# [Work task]
Go over the lines below, and when one contains the word "Polícia", copy it.

# [Exercise data]

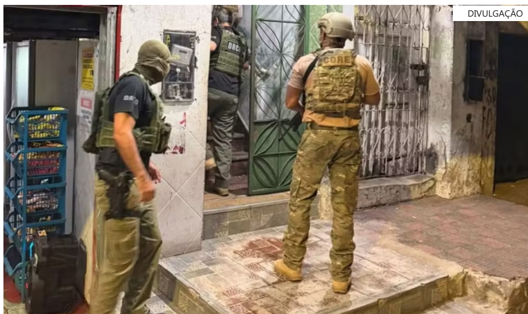
Na capital, a Polícia Civil do Amazonas cumpriu três mandados de prisão preventiva. Outros dois suspeitos foram presos em Tabatinga

De acordo com a Polícia Civil, o Tren de Aragua também usava transações com criptomoedas para esconder e lavar dinheiro obtido com tráfico de drogas e comércio ilegal de armas.
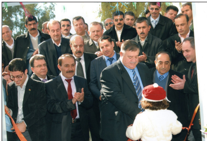
به ریو به ریٹی گشتی بانکی هه ریتم / هه ولیر
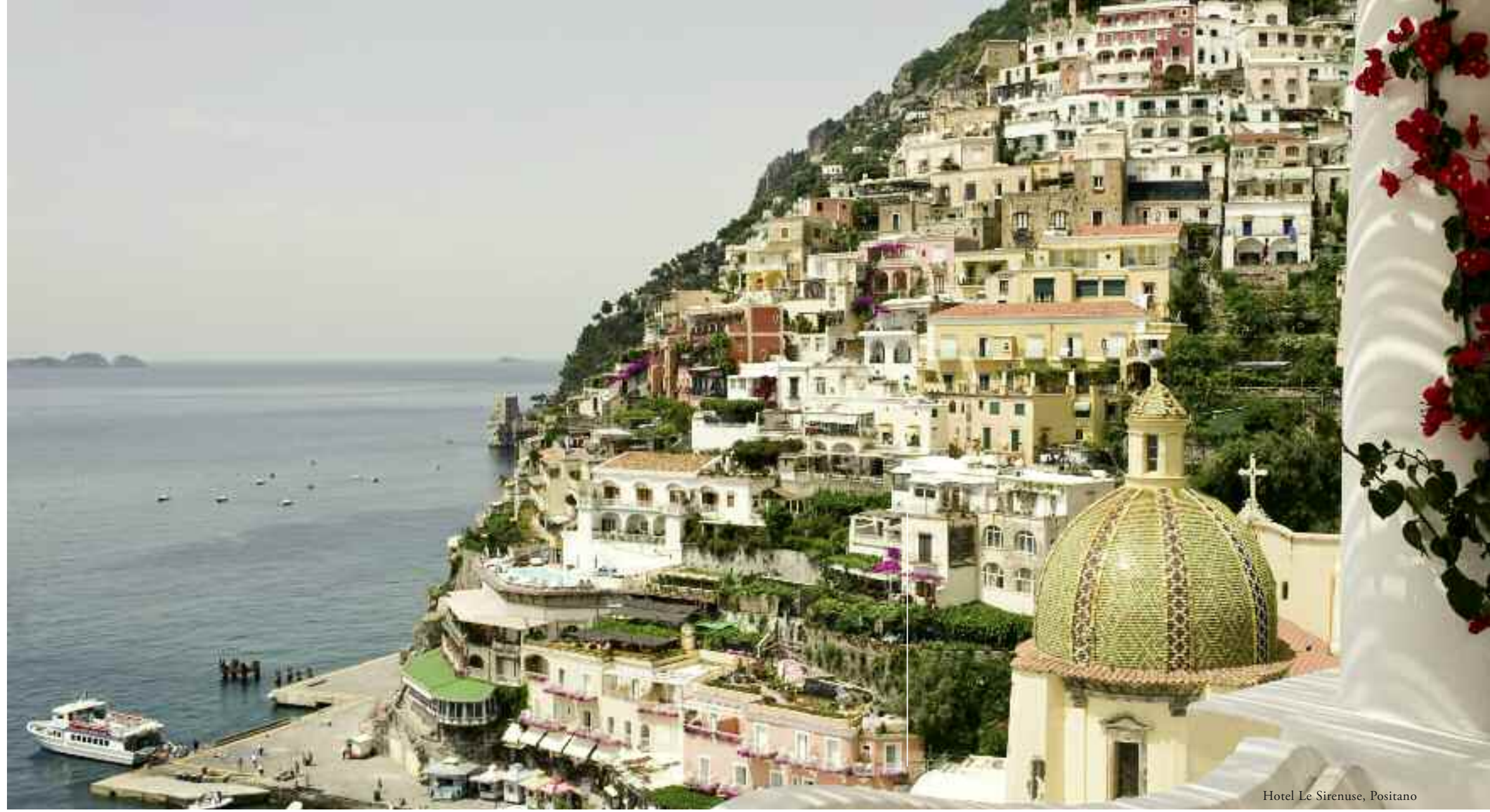
Hotel Le Sirenuse, Positano

# [Exercise response]
Na capital, a Polícia Civil do Amazonas cumpriu três mandados de prisão preventiva. Outros dois suspeitos foram presos em Tabatinga
De acordo com a Polícia Civil, o Tren de Aragua também usava transações com criptomoedas para esconder e lavar dinheiro obtido com tráfico de drogas e comércio ilegal de armas.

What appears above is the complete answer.